Anxious Encounters: "Carnet de Voyage"

Conceived as an intermezzo of sorts between "real projects," this is a travel narrative in fragments, in jottings of text and image, from a tour of Europe and Morocco Craig Thompson undertook to promote his book "Blankets" and soothe a broken heart. As with Joe Sacco's work (particularly the harrowing "Palestine," which I very much admire), the strongest moments are often born of the artist's anxiety about his own role in a foreign land. We are given access to a view (both internalized by a first person narrative and distanced by images which place us outside the artist-protagonist's body) of the gamut of touristic and, in Sacco's case, journalistic bad behavior, and we understand both its motivations and its wrenching trespasses.

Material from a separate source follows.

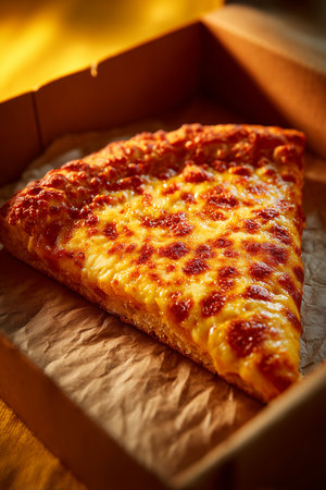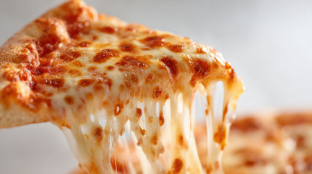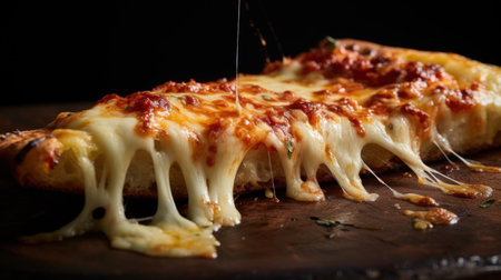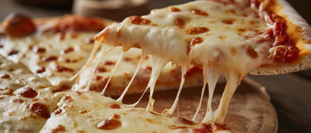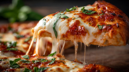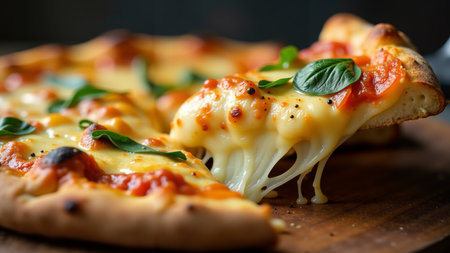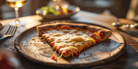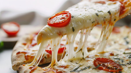 Gourmet Italian pizza slice with melting mozzarella cheese and fresh tomatoes

It is Thompson's anguish that holds these fragments together, vivid as some of them, like his tales of a neverending four-star feast in France or a gut-altering camel caravan in rural Morocco, are on their own. He is caught in a limbo of paradox, desperately homesick, unable to attend to any of the extraordinary or mundane things that surround him, but also increasingly attached to the new acquaintances and environments that distract him, even momentarily, from his heartache. His reluctance to let go of anything he encounters is obviously the driving force behind his travel journal, and it ultimately extends even to releasing his narrative for publication: "I love you," he screams to the trees as the "Capitalist Printing Industry" arrives to chop them down for the printing of "Carnet." "I love you," he wails to girlfriends, places, and even one bewildered cat. His discomfort in the face of almost everything he meets abroad is coupled with this distress he feels at parting from any of it to form one of the most astute exact descriptions of the internal life of the traveler I have encountered.